**Work task**: Skip every image and restate the data word for word.
++++ Data records
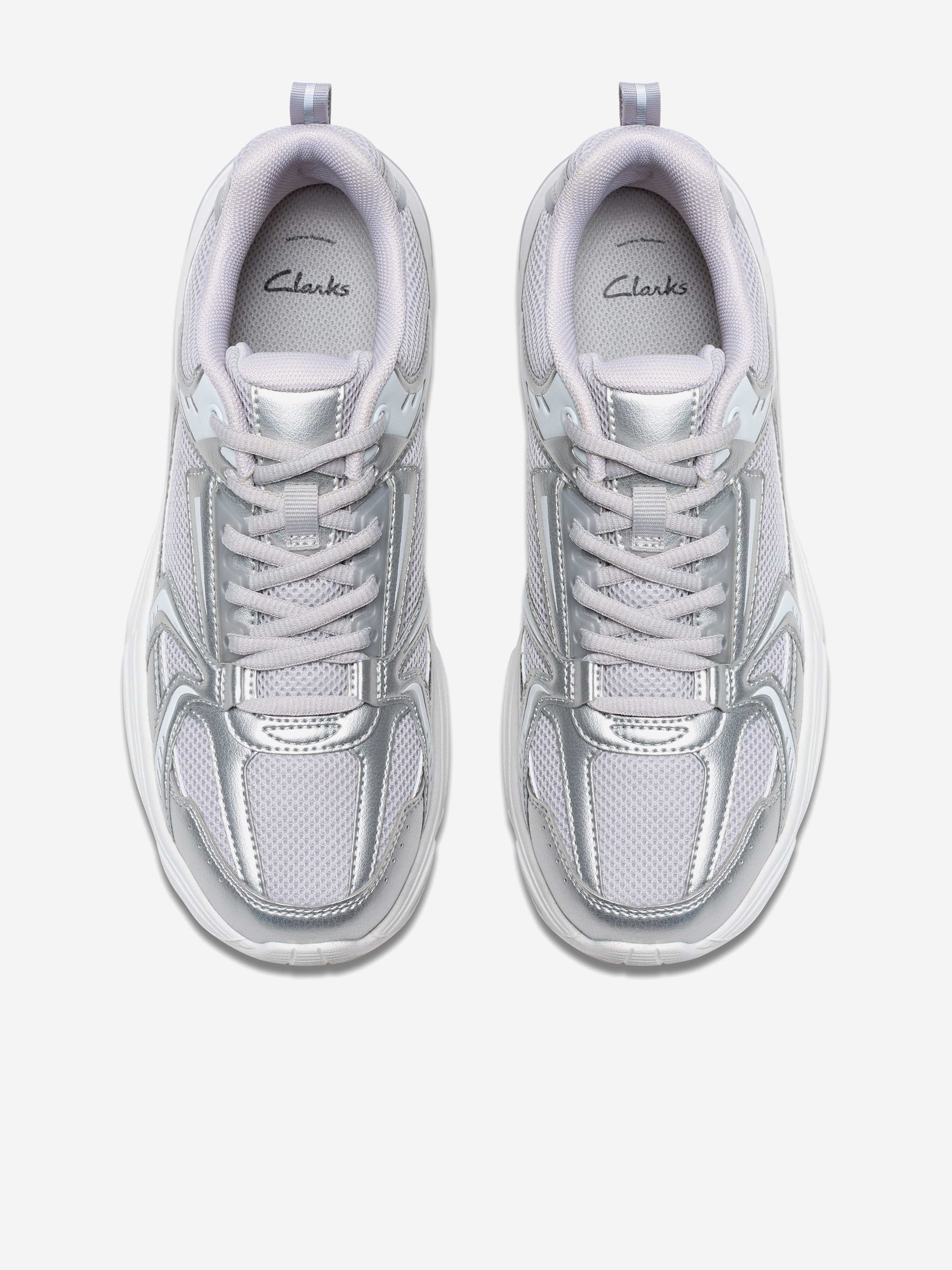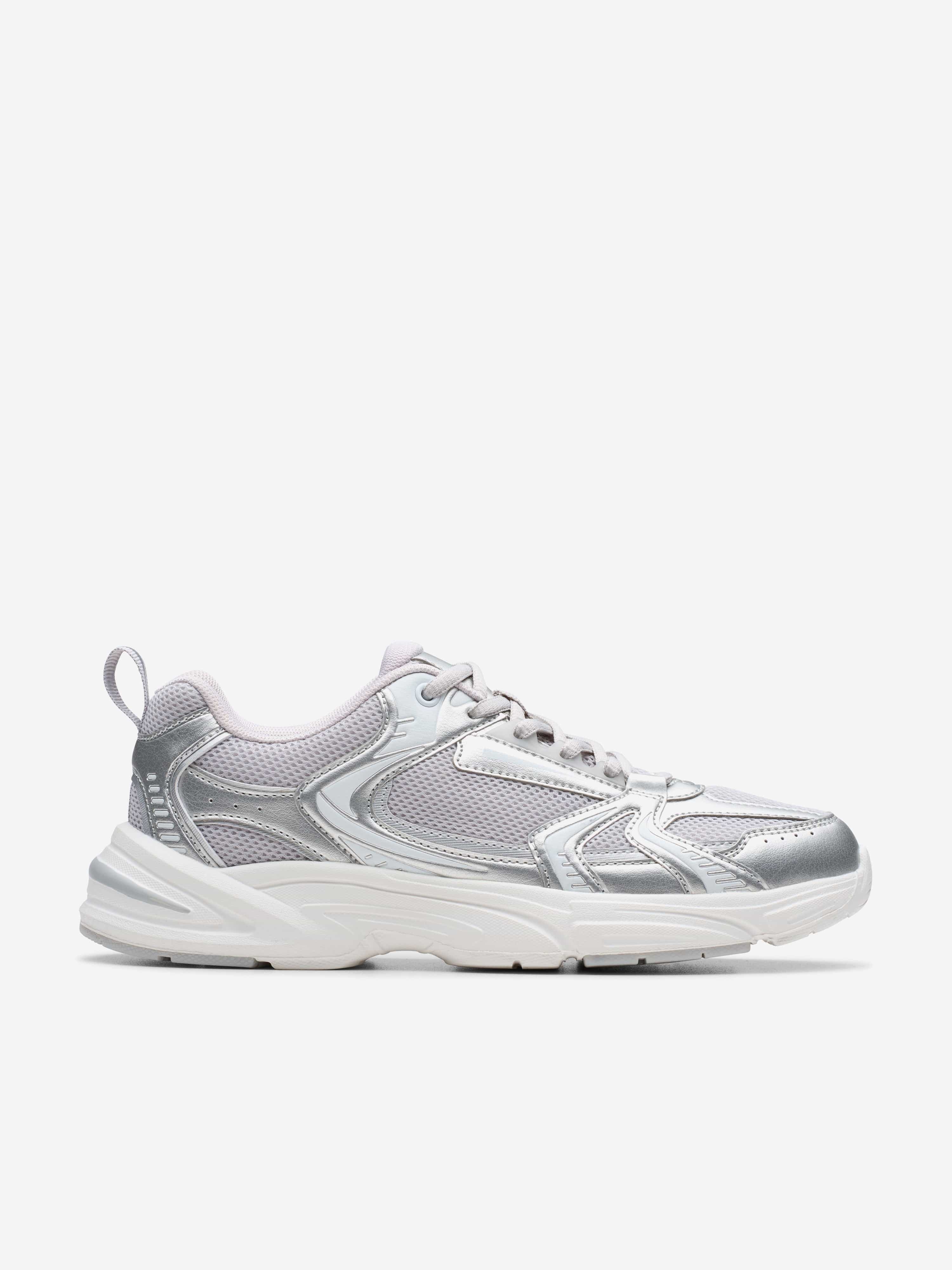 Clarks Girls Crafton Move Trainers in Silver (Wide Fit)
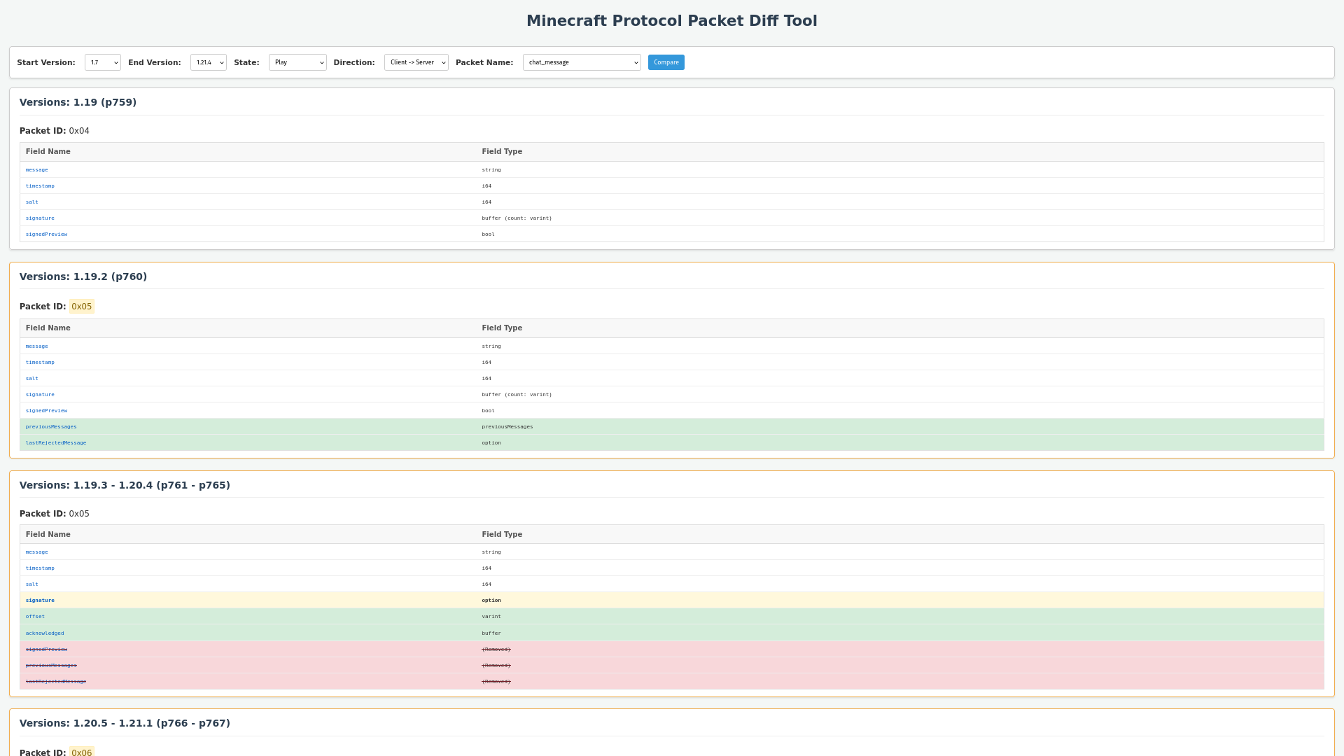 - The results area will display the comparison, showing groups of versions where the packet ID and structure remained the same. Changes between these groups will be highlighted. Protocol version numbers (e.g.,
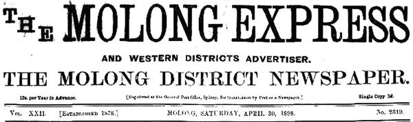 From the NSW newspaper the Molong Express and Western District Advertiser Saturday 30 April 1898 p. 3.
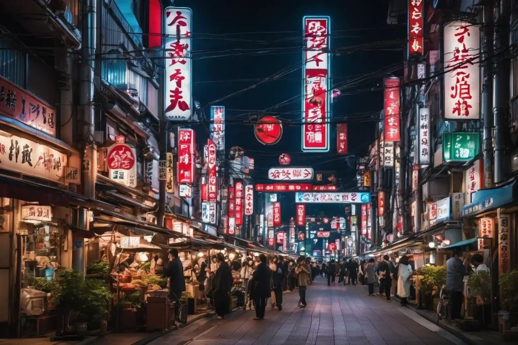 breathtaking night street of Tokyo, neon lights. award-winning, professional, highly detailedanime, cartoon, graphic, text, painting, crayon, graphite, abstract glitch, blurryAnime
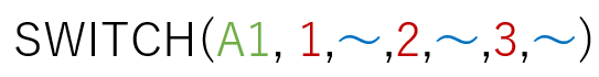 さて、SWITCH関数は、VBAのSelect Caseと同じような仕組みなら、もしかして、同じことができるんじゃね?って、しばらく使っていて気づきました。やってみたら、できました。
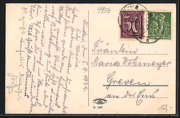 alte Ansichtskarte, gelaufen 1922, Stempelspur, guter Zustand
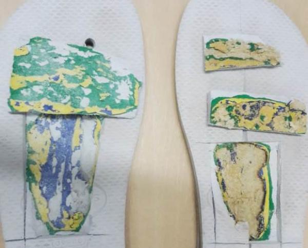 Levada para uma sala reservada, o chinelo foi cortado e constatou-se que se tratava de maconha, cocaÃna e uma substância aparentando ser pasta base de cocaÃna.
++++++++
**Response to this task**:
 Clarks Girls Crafton Move Trainers in Silver (Wide Fit)
 - The results area will display the comparison, showing groups of versions where the packet ID and structure remained the same. Changes between these groups will be highlighted. Protocol version numbers (e.g.,
 From the NSW newspaper the Molong Express and Western District Advertiser Saturday 30 April 1898 p. 3.
 breathtaking night street of Tokyo, neon lights. award-winning, professional, highly detailedanime, cartoon, graphic, text, painting, crayon, graphite, abstract glitch, blurryAnime
 さて、SWITCH関数は、VBAのSelect Caseと同じような仕組みなら、もしかして、同じことができるんじゃね?って、しばらく使っていて気づきました。やってみたら、できました。
 alte Ansichtskarte, gelaufen 1922, Stempelspur, guter Zustand
 Levada para uma sala reservada, o chinelo foi cortado e constatou-se que se tratava de maconha, cocaÃna e uma substância aparentando ser pasta base de cocaÃna.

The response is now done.